Exercise goal> Start to finish, print the entries exactly, and carry none of the pictures over.

Provided information>

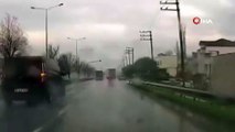 Yağmurda dorsesi kayan tır paniğe neden oldu
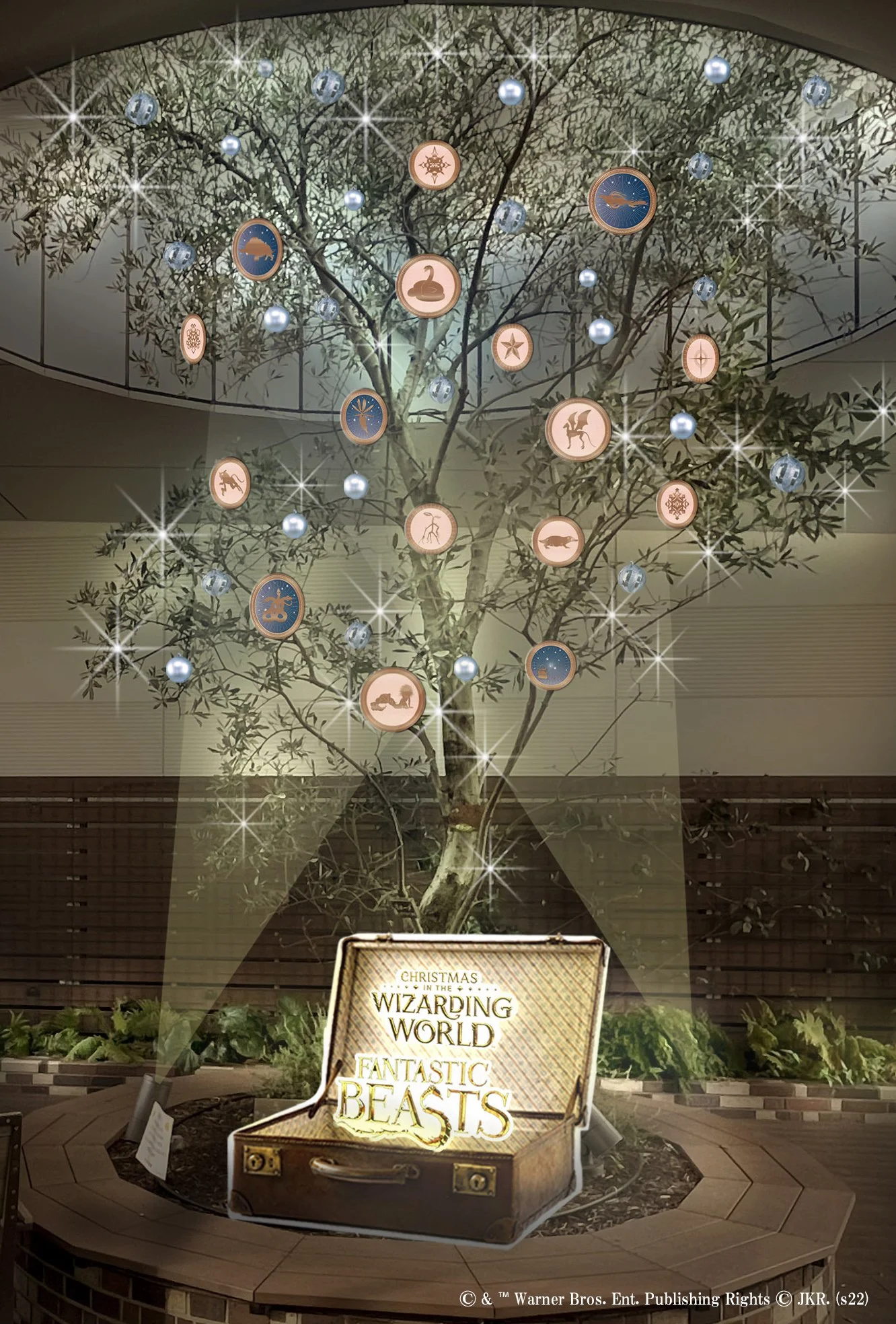 5階「みんなの庭」入口では、“「ファンタスティック・ビースト」魔法動物の樹”に遭遇。ニュートのスーツケースから逃げ出してクリスマスツリーに隠れてしまった魔法動物が、フラッシュ撮影の光で浮かび上がります。
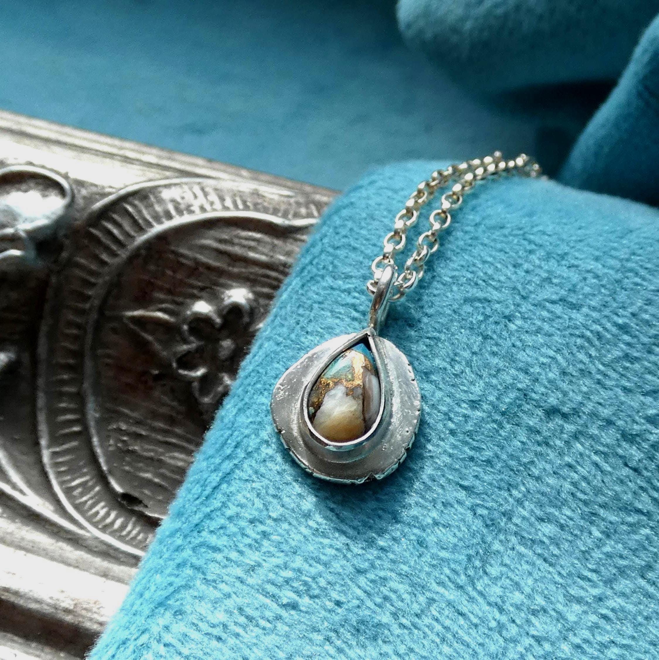 This teeny tiny, dainty pendant is handcrafted from sterling silver with a multi coloured teardrop shaped Oyster Turquoise natural gemstone set in a classic bezel setting. This rustic, one of a kind pendant looks lovely on its own or part of a set of layering necklaces.
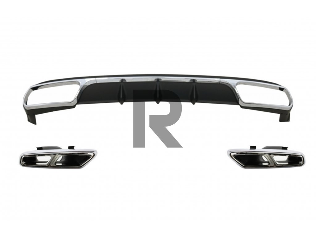 Zadný difúzor s chrómovými koncovkami tlmiča výfuku vhodný pre Mercedes Trieda E W212 Facelift (2013-2016) E65 Design iba pre štandardný nárazník
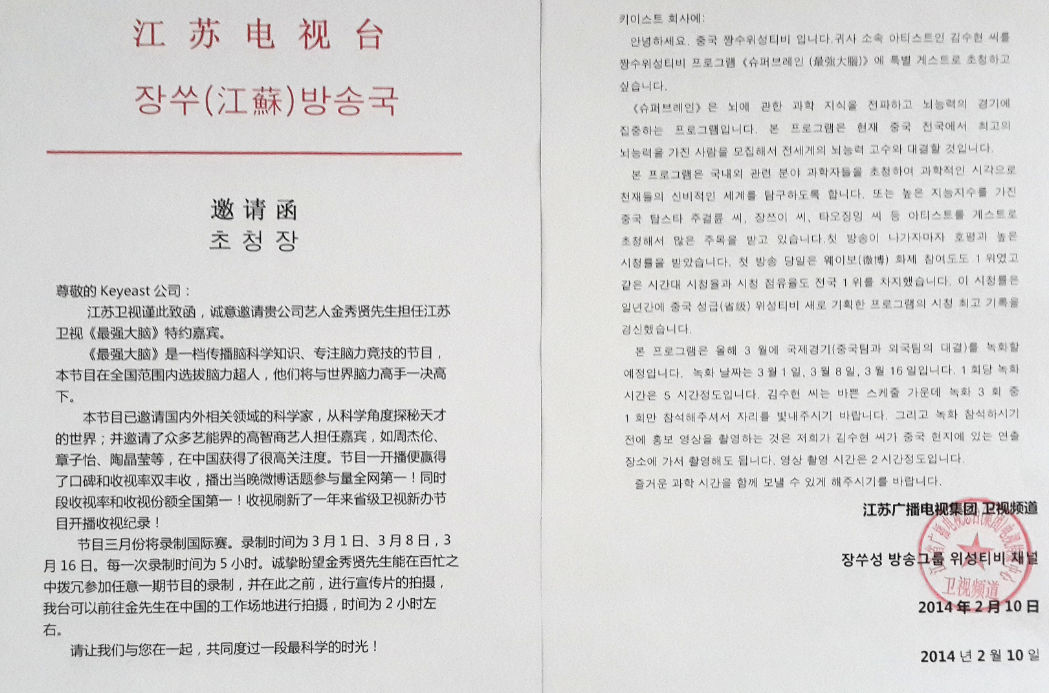 應(yīng)廣大粉絲的強(qiáng)烈呼聲,江蘇衛(wèi)視決定邀請(qǐng)金秀賢參加《最強(qiáng)大腦》國(guó)際PK賽的錄制。昨日中午,江蘇衛(wèi)視《最強(qiáng)大腦》在其官方微博發(fā)布了一條重磅消息:節(jié)目組已于2月10日向“都教授”金秀賢所屬的韓國(guó)經(jīng)紀(jì)公司Keyeast發(fā)出邀請(qǐng)函,誠(chéng)意邀請(qǐng)其擔(dān)任《最強(qiáng)大腦》的特約嘉賓。
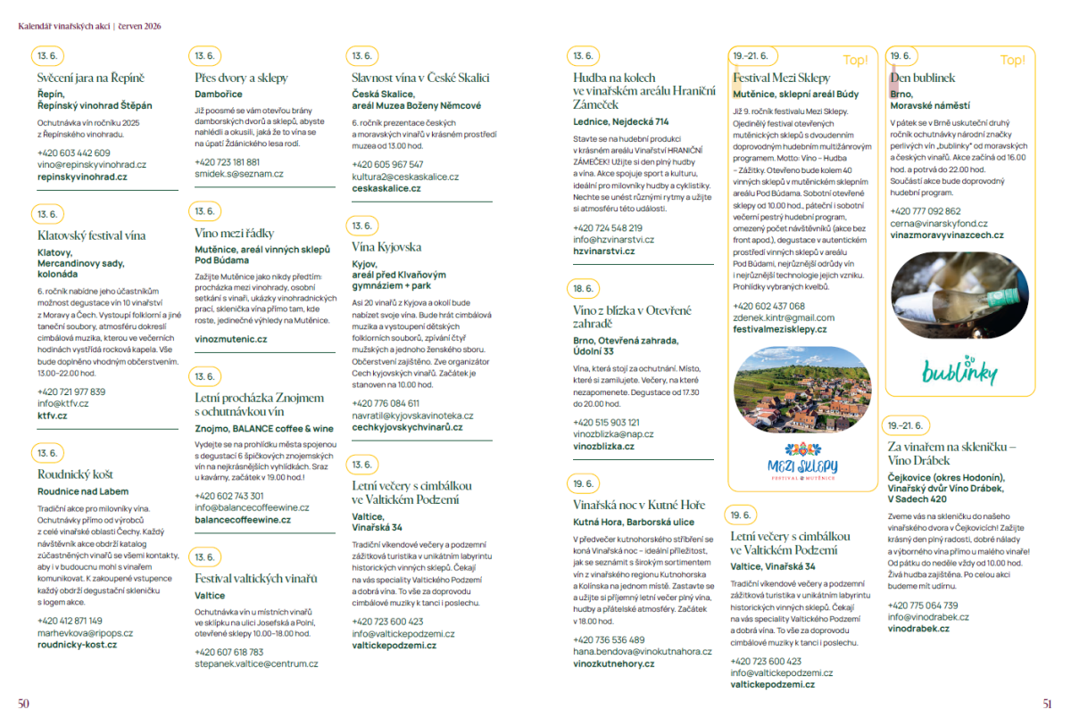 Díky tomu se informace o vinařských akcích dostávají k široké veřejnosti, turistům i odborné veřejnosti prostřednictvím různých komunikačních kanálů a regionálních i celostátních platforem – aktuálně, přehledně a z jednoho zdroje.
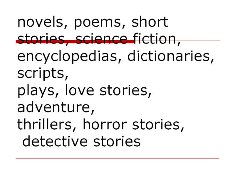 Слайд 2novels, poems, short stories, science fiction, encyclopedias, dictionaries, scripts,
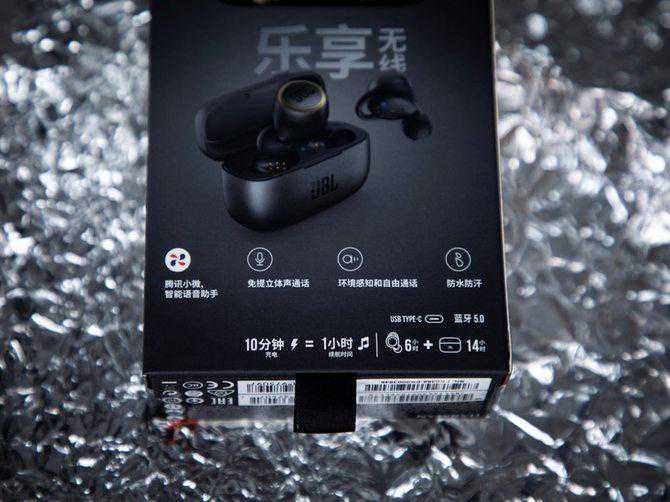 首先包装上的话,我们可以看到正面是耳机渲染图,同时还有JBL品牌标志性的橙色点缀,右上角是产品型号。在左下角是支持腾讯小微、QQ音乐,并且采用了蓝牙5.0技术,右下角是续航时间,总的来讲这款耳机包装展示的参数还是比较全面的,让人能够一眼捕捉到关键的参数信息。
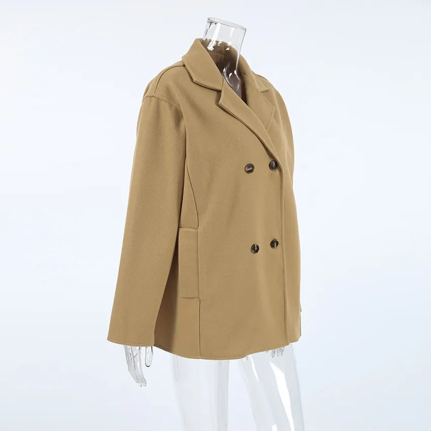 Gali Abrigo elegante de lana marrón de largo medio con doble botonadura
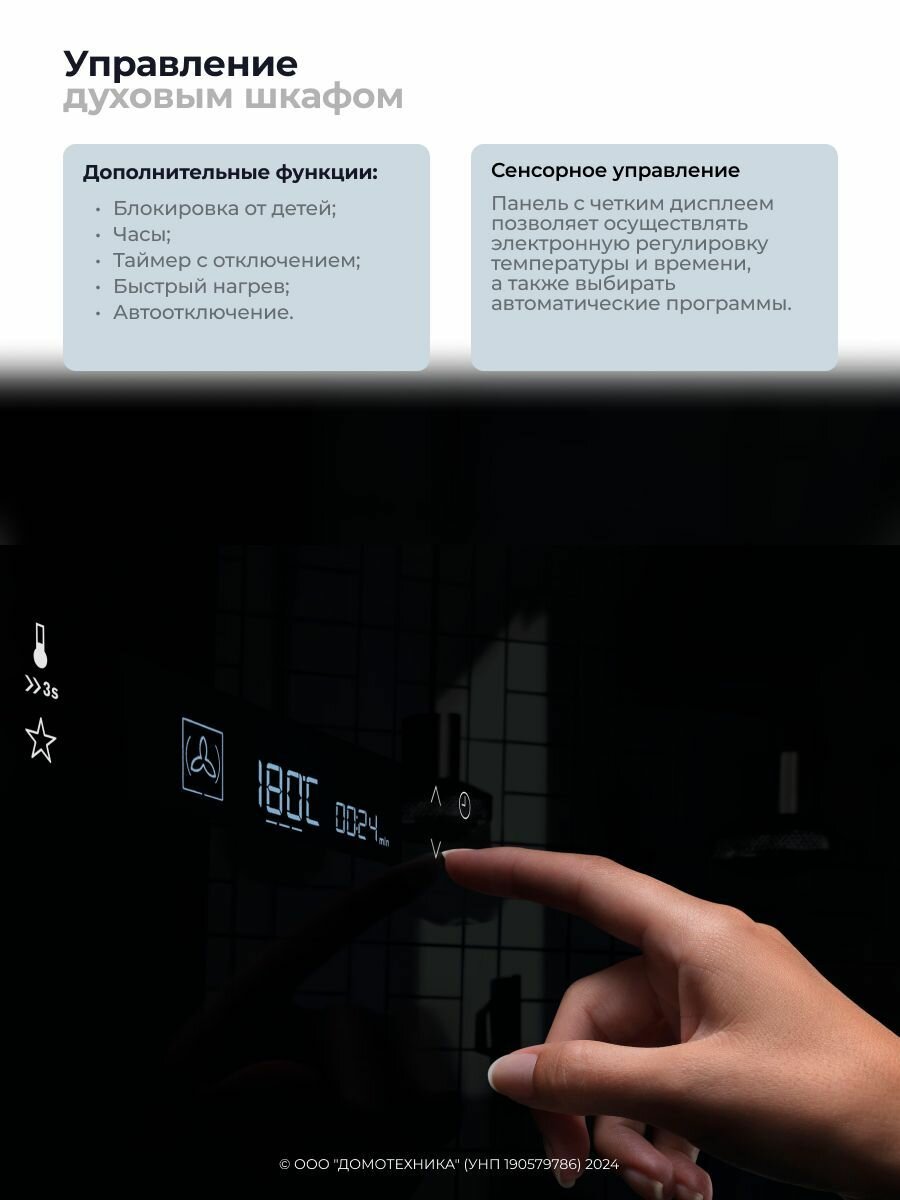 | Особенности конструкции | дисплей / подсветка камеры / телескопические направляющие / термощуп / часы / эмаль легкой чистки |
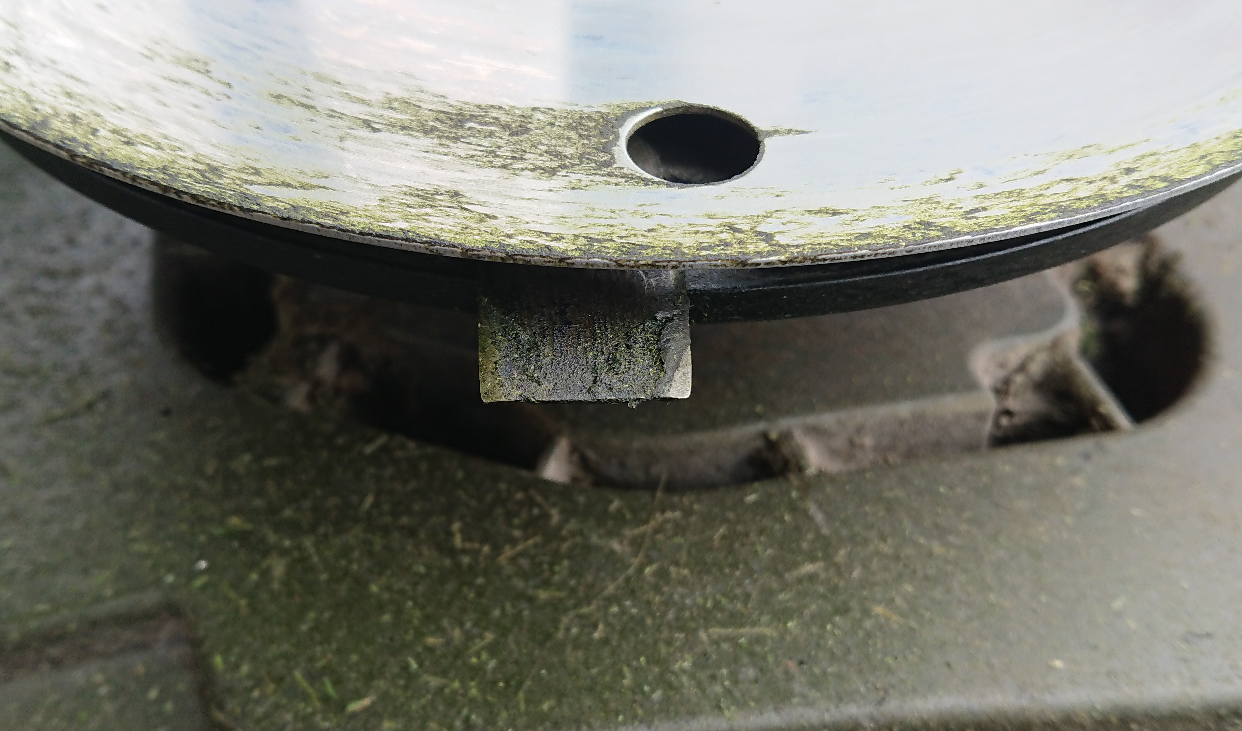 Terade osas - sõltub. YMMV. Mul ka Husq. originaalid, 27.04. foto, 2. hooaja algus: Hea, et niiduki ümber keerasin! Kõik terad olid samasuguse kitiga kaetud nagu vasakpoolne. Kui lõikeserv on kumer, raadiusega 3mm, siis võib oletada, et lõikamise asemel toimus rohu paitamine
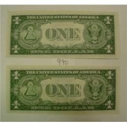 Vintage paper U.S. dollars. $1.00 Silver Certificates. Uncirculated. No motto. Consecutive numbers. 1935D I26571163G and I26571164G.
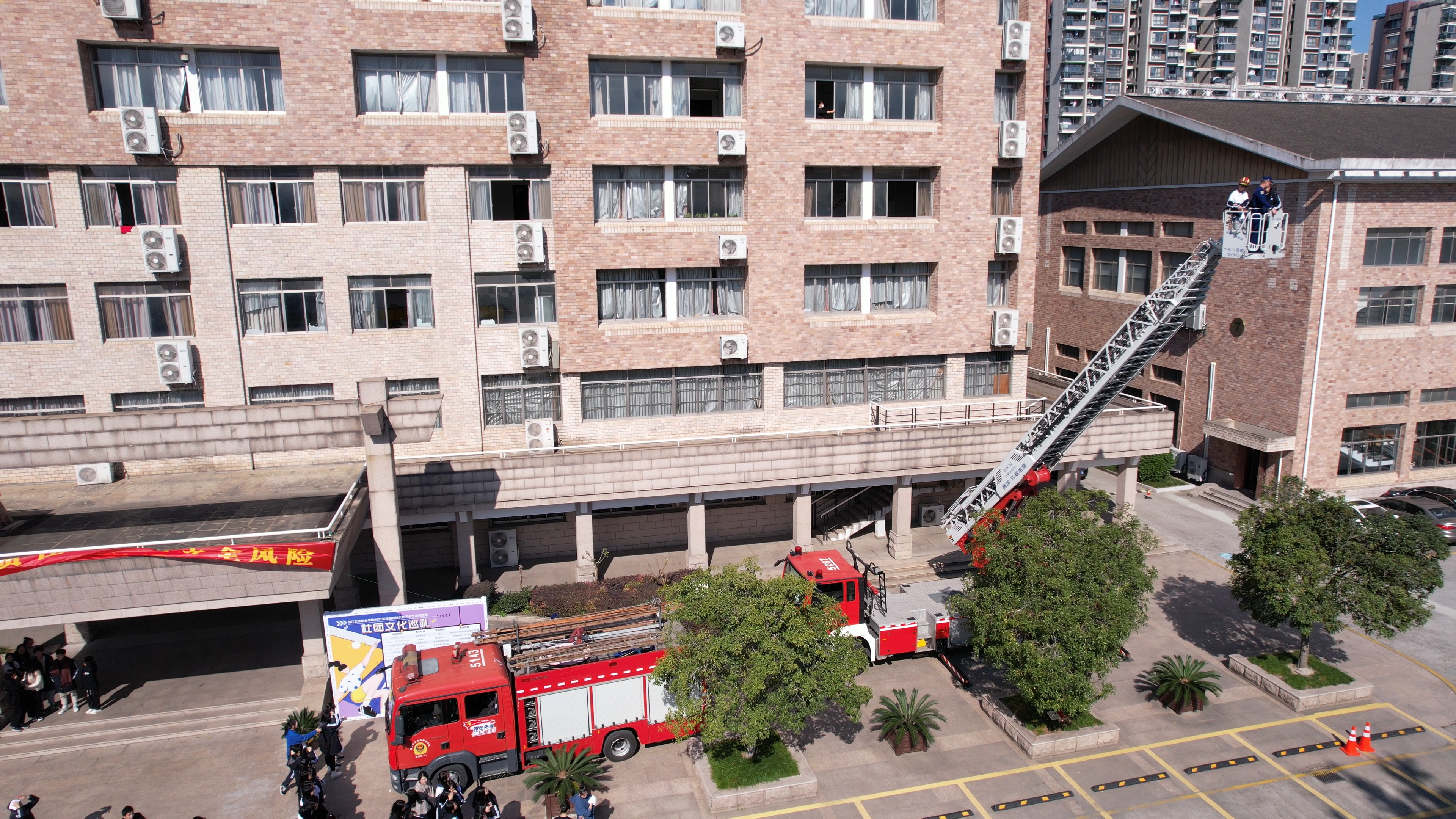 为提升广大师生的消防安全意识,保障学生公寓的住宿安全,11月10日,学校联合滨江区消防救援中队等部门,在校内学生公寓举办了2021年消防疏散演习、灭火器实操演练系列活动。
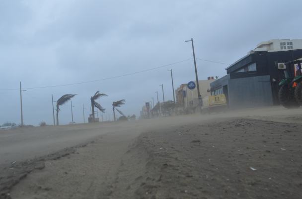 Aunque se había pronosticado lluvia, no se ha precipitado nada… solo leves nubarrones. La arena de la playa vuela hasta dentro de las avenidas.

Task answer>
 Yağmurda dorsesi kayan tır paniğe neden oldu
 5階「みんなの庭」入口では、“「ファンタスティック・ビースト」魔法動物の樹”に遭遇。ニュートのスーツケースから逃げ出してクリスマスツリーに隠れてしまった魔法動物が、フラッシュ撮影の光で浮かび上がります。
 This teeny tiny, dainty pendant is handcrafted from sterling silver with a multi coloured teardrop shaped Oyster Turquoise natural gemstone set in a classic bezel setting. This rustic, one of a kind pendant looks lovely on its own or part of a set of layering necklaces.
 Zadný difúzor s chrómovými koncovkami tlmiča výfuku vhodný pre Mercedes Trieda E W212 Facelift (2013-2016) E65 Design iba pre štandardný nárazník
 應(yīng)廣大粉絲的強(qiáng)烈呼聲,江蘇衛(wèi)視決定邀請(qǐng)金秀賢參加《最強(qiáng)大腦》國(guó)際PK賽的錄制。昨日中午,江蘇衛(wèi)視《最強(qiáng)大腦》在其官方微博發(fā)布了一條重磅消息:節(jié)目組已于2月10日向“都教授”金秀賢所屬的韓國(guó)經(jīng)紀(jì)公司Keyeast發(fā)出邀請(qǐng)函,誠(chéng)意邀請(qǐng)其擔(dān)任《最強(qiáng)大腦》的特約嘉賓。
 Díky tomu se informace o vinařských akcích dostávají k široké veřejnosti, turistům i odborné veřejnosti prostřednictvím různých komunikačních kanálů a regionálních i celostátních platforem – aktuálně, přehledně a z jednoho zdroje.
 Слайд 2novels, poems, short stories, science fiction, encyclopedias, dictionaries, scripts,
 首先包装上的话,我们可以看到正面是耳机渲染图,同时还有JBL品牌标志性的橙色点缀,右上角是产品型号。在左下角是支持腾讯小微、QQ音乐,并且采用了蓝牙5.0技术,右下角是续航时间,总的来讲这款耳机包装展示的参数还是比较全面的,让人能够一眼捕捉到关键的参数信息。
 Gali Abrigo elegante de lana marrón de largo medio con doble botonadura
 | Особенности конструкции | дисплей / подсветка камеры / телескопические направляющие / термощуп / часы / эмаль легкой чистки |
 Terade osas - sõltub. YMMV. Mul ka Husq. originaalid, 27.04. foto, 2. hooaja algus: Hea, et niiduki ümber keerasin! Kõik terad olid samasuguse kitiga kaetud nagu vasakpoolne. Kui lõikeserv on kumer, raadiusega 3mm, siis võib oletada, et lõikamise asemel toimus rohu paitamine
 Vintage paper U.S. dollars. $1.00 Silver Certificates. Uncirculated. No motto. Consecutive numbers. 1935D I26571163G and I26571164G.
 为提升广大师生的消防安全意识,保障学生公寓的住宿安全,11月10日,学校联合滨江区消防救援中队等部门,在校内学生公寓举办了2021年消防疏散演习、灭火器实操演练系列活动。
 Aunque se había pronosticado lluvia, no se ha precipitado nada… solo leves nubarrones. La arena de la playa vuela hasta dentro de las avenidas.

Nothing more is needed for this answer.